Однажды, подъезжая к дому под деревьями, Гете заметил треуголку и сразу узнал того, о ком он старался все эти дни не думать. Во дворе рядом с Лоттой стоял советник Кестнер, который недавно вернулся из поездки в Ганновер. Мелькнула мысль: как хорошо, что он не был при их встрече. У Гете еще оставалось время, чтобы повернуть назад, но вместо этого он поклонился. Перед ним стоял жених его Лотты, прилежный и беззаботный служащий, с ровными, спокойными движениями, сдержанный и на немецкий манер абсолютно невозмутимый. Видимо, в силу этих же причин он станет потом безупречным супругом, отцом многочисленного семейства.

Кестнер учтиво ответил на приветствие, затем, протянув руку, другой обнял его как брата. Лицо Лотты озарилось улыбкой. В этот момент возникло странное вецларское трио – все трое отныне стали неразлучны. И в самом деле, это был странный любовный союз.

Стояло дивно прекрасное лето, они бродили среди спелых хлебов, вспоминал Гете, наслаждались свежестью росистого утра; песнь жаворонка, крик перепела веселили их души, в часы, когда разражались страшные грозы, они лишь теснее льнули один к другому; постоянству чувств, казалось, не будет конца, и вообще они не понимали, как «смогут обходиться друг без друга». Так проходили будние дни, и всем им подобало быть отмеченными красным в календаре; то была настоящая сельская идиллия – невинная, поэтическая любовь на фоне прекрасной, почти сказочной природы.

С сердцем, которое терзала досада, Гете часами размышлял о необычности такой ситуации. Верный привычке доверять душевное состояние бумаге, он делал записи, которые потом так пригодятся ему. Бывает и так, что вскочив на коня, он бежит в горы и исчезает на несколько дней. Вернувшись, обнаруживает на своем столе гору записок от Шарлотты: «Когда же вы навестите нас снова?» Не в силах противиться желанию увидеть ее, он на следующий день возвращается к своей странной любви. Его взгляд встречается с голубыми невинными глазами фрейлин Буфф.

– Ах, дорогая Лотта, я хотел попросить вас об одном одолжении, – лепечет он, от волнения путаясь и запинаясь пуще обычного, отчего его франкфуртский акцент с его и без того небрежной, смазанной дикцией становится просто несносным. – Ради бога, не промокайте песком ваши записки. Представьте себе, что вчера, едва я поднес ваше письмо к губам… – Сделав паузу, испытующе посмотрел на Шарлотту своими карими, близко посаженными глазами. – И, – продолжал он, – проклятый песок заскрипел у меня на зубах.

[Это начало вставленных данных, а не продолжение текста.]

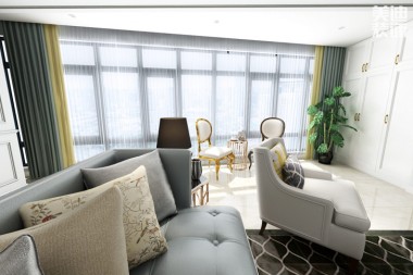 明發(fā)國(guó)際85㎡輕奢風(fēng)格案例效果圖—客廳
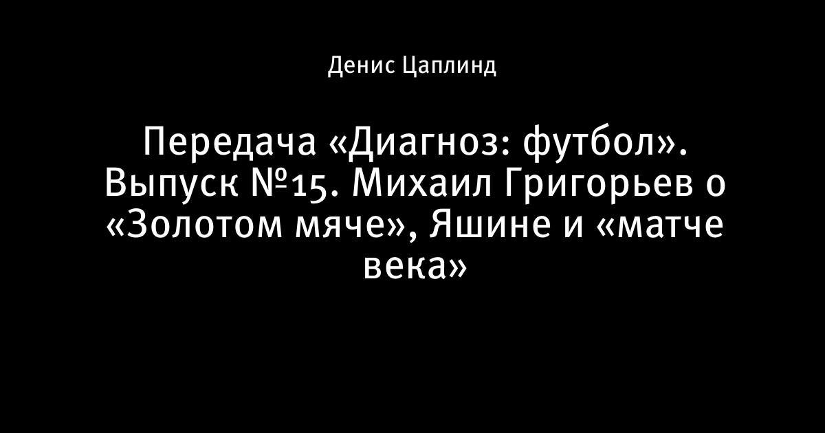 Передача «Диагноз: футбол». Выпуск №15. Михаил Григорьев о «Золотом мяче», Яшине и «матче века»
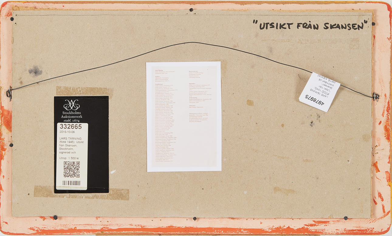 4978975. LARS TÄRNING (FÖDD 1945). “View from Skansen”, layer painting on panel, signed and dated -82.
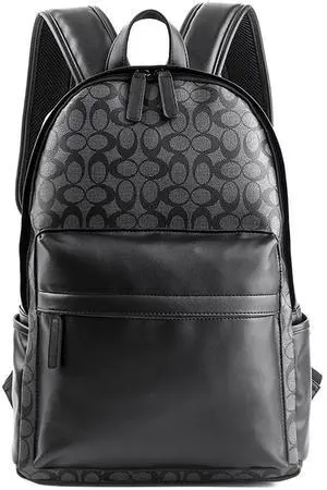 Leather Laptop Backpack for Men Women, School College Bookbag Casual Travel Daypack (Black)

К его досаде она и бровью не повела при этих словах. Понимала ли вообще его фрейлин Буфф? Или надежда на то, что милая Лотта разделит его привязанность, – напрасная иллюзия? Временами ему казалось, что он осознал все до конца и пора покончить с этой двусмысленностью, прекратить встречи с ней и ее женихом. И хотя последний заслуживал всяческих похвал и вел себя в высшей степени благородно – ни разу в присутствии своего соперника Кестнер не обменялся с мадемуазель Буфф какой‑нибудь лаской, – несмотря на это Гете едва сдерживался. Наконец он понял, что у него нет шансов на успех. Лотта останется верной своему выбору.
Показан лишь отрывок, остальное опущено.